About the Author:
Sheila Kohler has published five novels, including Crossways (Other Press, 2005), and three collections of short stories. Her novel Cracks was chosen by New York Newsday and Library Journal as one of the best books of 1999. A native of South Africa, she makes her home in New York City and teaches at Bennington College in Vermont.
From Publishers Weekly:
In this relentlessly literary first novel, writing techniques dominate content. Prose in the once avant-garde style of Robbe-Grillet and Duras (theirs stemming from passion, Kohler's a passionless intellectual exercise) evokes the terminal ennui of its narrator, a nameless woman of a certain age tracking down a repressed memory.
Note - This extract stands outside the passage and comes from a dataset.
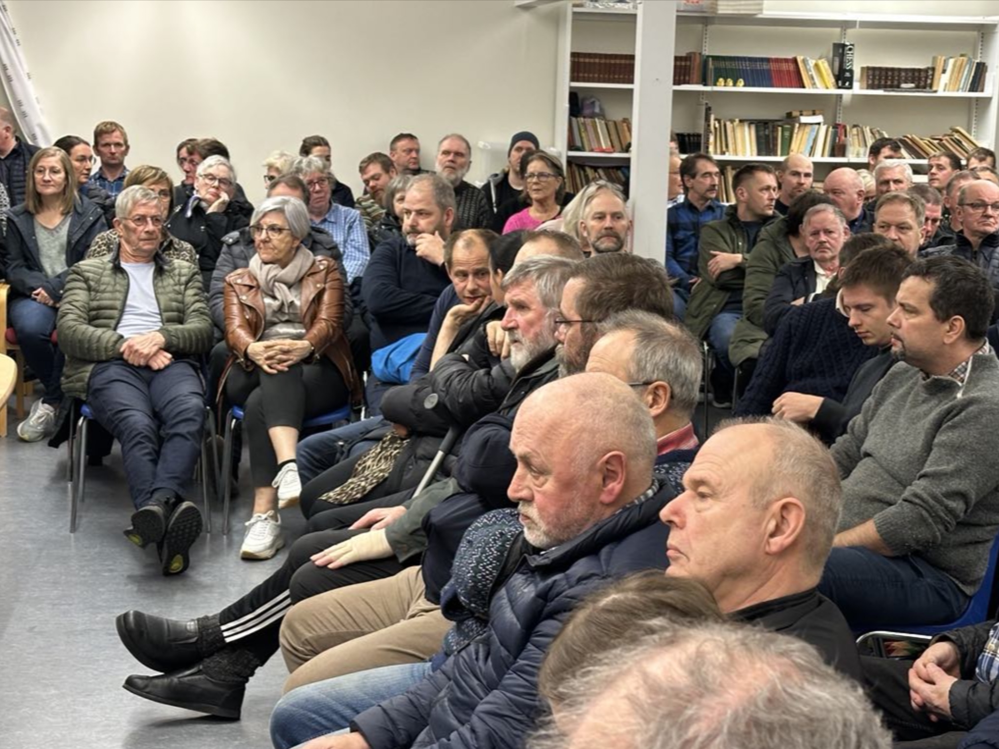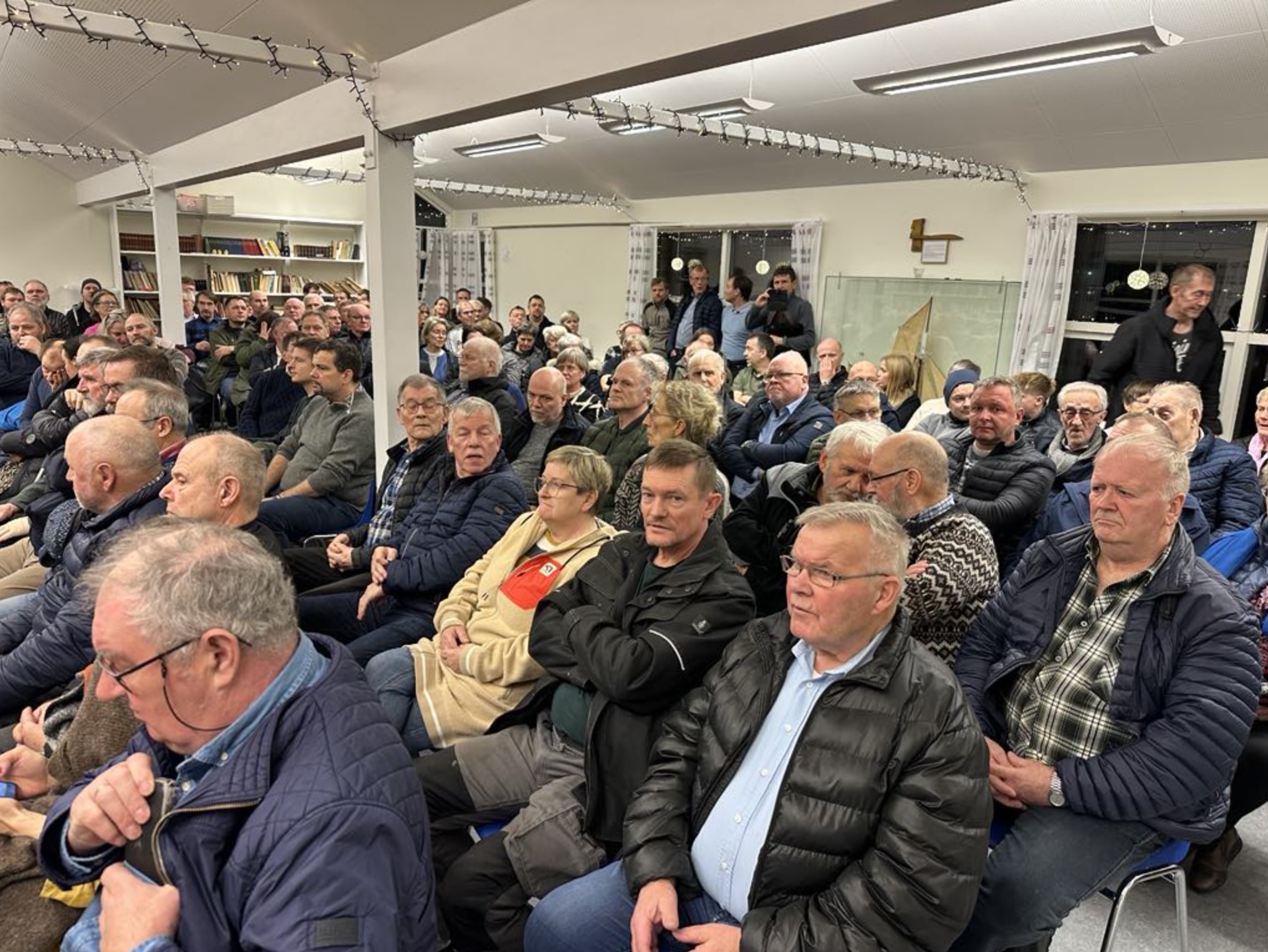 Tað er Sands kommuna sum skipar fyri fundinum, og vit frætta av Sandi, at eini 130 fólk eru møtt á fundinum, sum er um vegaføringina í Sands kommunu í samband við tunnilin.
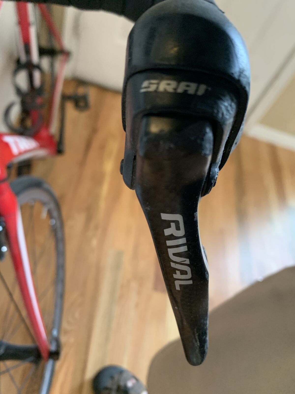It has a 56 cm carbon fiber frame, which is generally suitable for riders who are around 5'9" to 6'0" tall. It has Bontrager wheels and SRAM Rival components. The serial number on this bike is WTU288t204D.

Supposedly damaged by her upbringing among idle, isolated, rich colonials, and by intimate encounters with females (the first, her mother), she reveals homophobic fantasies rather than psychological truths; her attitude toward sex can be compared to Henry James at his most Victorian. Indeed, one of the few named characters (besides a black servant portentously called Justice) is Daisy Summers, a Daisy Miller mutation. When the narrator finally recalls her trauma, the event and the process of its recovery matter neither to her nor to the reader. Kohler's point is that Donne was wrong, one woman can be an island. And she does prove that, like the sea around us, one slim book seems endless.